2. Premature Withdrawal (Withdrawal before age 60)

If for some reason a customer wants to withdraw money from NPS before the age of 60 years, then he can withdraw the money even after 10 years of opening the account. But, there are some conditions for this.

-80 percent of the amount should be used to purchase annuity. You will get pension every month from this annuity.

-A lump sum withdrawal of 20 percent of the corpus i.e. the total ready fund is allowed.

This means that if the subscriber wants to withdraw his money after 10 years, he will have to use 80 percent of the total corpus to buy annuity. With this he will get pension every month, which is the main objective of investing in NPS.

3. Exit on death before 60 years

If the subscriber dies before the age of 60 years, his nominee or legal heir can withdraw the entire amount deposited in NPS in lump sum. In such a situation there is no need to buy annuity. With this, the subscriber's family gets the entire amount in lump sum.

4. How much tax will be levied?

It is important to understand the tax rules applicable to premature withdrawal. Partial withdrawal i.e. up to 25 percent of the NPS corpus is tax free. If the subscriber wants to withdraw the entire amount before the stipulated time, then a lump sum tax of 20 percent of the amount will be charged. Keep in mind that if the entire amount is withdrawn prematurely, only 20 percent of the money is allowed to be withdrawn in lump sum. You will have to buy annuity with the remaining money.
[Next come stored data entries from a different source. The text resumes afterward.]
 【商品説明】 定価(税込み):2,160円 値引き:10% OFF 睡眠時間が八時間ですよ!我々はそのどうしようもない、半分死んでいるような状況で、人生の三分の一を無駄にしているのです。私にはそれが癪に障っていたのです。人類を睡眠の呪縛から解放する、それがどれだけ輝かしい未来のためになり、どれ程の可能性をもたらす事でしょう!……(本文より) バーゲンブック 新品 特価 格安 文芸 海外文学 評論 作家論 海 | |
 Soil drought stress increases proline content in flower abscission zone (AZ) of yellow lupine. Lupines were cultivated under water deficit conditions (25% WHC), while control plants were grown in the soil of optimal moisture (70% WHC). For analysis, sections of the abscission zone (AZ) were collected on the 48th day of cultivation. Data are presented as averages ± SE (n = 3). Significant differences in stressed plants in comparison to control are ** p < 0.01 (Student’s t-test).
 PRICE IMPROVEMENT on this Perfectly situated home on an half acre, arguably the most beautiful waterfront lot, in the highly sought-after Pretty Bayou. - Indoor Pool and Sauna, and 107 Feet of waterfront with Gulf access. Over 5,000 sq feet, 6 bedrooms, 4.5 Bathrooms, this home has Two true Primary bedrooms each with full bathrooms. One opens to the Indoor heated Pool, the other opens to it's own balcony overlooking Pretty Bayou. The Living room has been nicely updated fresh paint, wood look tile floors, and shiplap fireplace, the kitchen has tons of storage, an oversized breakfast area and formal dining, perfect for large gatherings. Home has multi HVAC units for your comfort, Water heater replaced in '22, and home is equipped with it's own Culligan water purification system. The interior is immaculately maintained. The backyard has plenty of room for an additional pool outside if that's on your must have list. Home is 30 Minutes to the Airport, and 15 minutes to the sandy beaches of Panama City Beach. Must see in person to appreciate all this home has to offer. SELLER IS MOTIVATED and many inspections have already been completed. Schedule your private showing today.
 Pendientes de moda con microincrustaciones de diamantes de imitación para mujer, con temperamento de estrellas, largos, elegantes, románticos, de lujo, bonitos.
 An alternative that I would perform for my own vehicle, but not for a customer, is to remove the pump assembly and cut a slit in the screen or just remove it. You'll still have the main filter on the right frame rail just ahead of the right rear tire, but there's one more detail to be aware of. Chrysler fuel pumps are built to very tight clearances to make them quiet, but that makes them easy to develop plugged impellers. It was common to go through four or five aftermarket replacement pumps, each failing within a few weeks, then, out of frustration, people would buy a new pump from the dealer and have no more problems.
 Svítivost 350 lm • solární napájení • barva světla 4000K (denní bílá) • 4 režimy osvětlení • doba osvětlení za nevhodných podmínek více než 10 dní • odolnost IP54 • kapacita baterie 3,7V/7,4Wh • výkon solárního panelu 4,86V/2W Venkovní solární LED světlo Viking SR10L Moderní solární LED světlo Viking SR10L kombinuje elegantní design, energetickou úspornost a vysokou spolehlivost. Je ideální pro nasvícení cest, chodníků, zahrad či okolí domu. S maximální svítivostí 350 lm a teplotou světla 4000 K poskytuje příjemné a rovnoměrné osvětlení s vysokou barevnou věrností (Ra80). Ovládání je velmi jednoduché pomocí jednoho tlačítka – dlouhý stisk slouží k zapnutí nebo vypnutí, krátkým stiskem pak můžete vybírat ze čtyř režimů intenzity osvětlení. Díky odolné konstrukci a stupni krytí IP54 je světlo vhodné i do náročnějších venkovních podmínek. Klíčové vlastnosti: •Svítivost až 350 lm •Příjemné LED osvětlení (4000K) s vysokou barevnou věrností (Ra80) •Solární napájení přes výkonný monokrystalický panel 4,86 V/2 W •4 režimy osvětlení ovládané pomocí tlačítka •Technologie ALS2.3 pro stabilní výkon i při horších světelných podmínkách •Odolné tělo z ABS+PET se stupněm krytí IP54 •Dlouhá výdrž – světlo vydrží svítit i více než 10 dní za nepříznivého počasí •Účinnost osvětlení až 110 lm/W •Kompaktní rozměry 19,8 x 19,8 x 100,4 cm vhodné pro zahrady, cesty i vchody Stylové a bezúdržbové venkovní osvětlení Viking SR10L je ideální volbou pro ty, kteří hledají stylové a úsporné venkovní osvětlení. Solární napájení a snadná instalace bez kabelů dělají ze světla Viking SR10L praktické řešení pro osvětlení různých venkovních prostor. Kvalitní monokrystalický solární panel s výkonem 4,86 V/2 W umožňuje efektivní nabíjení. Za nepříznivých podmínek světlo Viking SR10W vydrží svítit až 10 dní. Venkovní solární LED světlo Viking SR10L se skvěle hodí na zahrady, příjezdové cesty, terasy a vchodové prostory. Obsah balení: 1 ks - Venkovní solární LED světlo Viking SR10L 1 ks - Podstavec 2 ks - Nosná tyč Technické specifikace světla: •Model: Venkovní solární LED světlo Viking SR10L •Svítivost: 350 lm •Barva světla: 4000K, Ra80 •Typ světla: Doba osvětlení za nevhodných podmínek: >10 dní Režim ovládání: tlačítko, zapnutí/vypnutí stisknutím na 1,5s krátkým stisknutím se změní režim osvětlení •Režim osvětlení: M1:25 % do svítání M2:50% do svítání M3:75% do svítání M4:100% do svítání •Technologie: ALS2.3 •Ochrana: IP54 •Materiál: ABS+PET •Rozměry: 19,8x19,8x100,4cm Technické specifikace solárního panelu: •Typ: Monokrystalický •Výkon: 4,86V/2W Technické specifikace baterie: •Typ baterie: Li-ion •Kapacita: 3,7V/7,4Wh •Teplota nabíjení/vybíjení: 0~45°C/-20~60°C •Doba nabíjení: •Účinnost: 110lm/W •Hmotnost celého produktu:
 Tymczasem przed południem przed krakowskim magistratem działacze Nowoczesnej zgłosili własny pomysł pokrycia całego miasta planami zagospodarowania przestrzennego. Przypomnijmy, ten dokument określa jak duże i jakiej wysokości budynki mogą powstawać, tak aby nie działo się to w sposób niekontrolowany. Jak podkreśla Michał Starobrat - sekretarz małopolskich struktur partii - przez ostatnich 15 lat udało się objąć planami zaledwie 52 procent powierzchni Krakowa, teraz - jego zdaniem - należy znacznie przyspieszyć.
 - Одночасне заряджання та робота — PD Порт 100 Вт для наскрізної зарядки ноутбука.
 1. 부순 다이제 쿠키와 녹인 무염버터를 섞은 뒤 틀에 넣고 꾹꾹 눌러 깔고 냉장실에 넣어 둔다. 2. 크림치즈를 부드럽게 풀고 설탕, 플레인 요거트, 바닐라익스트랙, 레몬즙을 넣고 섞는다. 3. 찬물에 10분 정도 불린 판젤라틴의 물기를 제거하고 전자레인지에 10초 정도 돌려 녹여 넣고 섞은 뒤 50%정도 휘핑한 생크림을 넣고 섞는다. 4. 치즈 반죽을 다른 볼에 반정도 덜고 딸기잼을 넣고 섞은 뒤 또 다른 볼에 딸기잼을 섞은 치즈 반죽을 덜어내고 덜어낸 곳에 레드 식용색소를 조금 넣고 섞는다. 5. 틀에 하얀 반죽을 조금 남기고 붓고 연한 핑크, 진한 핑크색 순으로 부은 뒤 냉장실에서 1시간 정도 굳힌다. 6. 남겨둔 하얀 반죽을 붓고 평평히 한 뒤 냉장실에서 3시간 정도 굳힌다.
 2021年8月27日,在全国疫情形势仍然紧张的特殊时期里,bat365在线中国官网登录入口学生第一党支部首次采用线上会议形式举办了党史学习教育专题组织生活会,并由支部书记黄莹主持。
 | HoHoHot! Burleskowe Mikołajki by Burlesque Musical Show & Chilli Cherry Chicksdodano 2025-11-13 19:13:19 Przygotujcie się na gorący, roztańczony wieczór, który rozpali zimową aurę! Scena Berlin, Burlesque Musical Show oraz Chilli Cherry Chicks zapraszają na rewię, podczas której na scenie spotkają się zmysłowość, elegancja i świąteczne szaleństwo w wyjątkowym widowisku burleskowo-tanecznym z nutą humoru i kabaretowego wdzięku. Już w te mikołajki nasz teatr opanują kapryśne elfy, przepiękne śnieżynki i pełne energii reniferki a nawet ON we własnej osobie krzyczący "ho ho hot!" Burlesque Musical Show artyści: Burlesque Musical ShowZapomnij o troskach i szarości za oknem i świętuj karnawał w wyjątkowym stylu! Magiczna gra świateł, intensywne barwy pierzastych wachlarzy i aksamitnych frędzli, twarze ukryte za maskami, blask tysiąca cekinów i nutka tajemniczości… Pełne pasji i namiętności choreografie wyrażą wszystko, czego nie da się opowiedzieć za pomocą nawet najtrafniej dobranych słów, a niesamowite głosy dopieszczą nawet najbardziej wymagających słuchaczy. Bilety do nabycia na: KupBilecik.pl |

The pension received from annuity will be taxed as per the income tax slab of the subscriber.

From the above rules for withdrawal before attaining the age of 60 years it is clear that PFRDA has allowed the customer to withdraw the money as and when required. But, it also keeps in mind that the main objective of the customer to invest in NPS should be to receive a regulated income after retirement.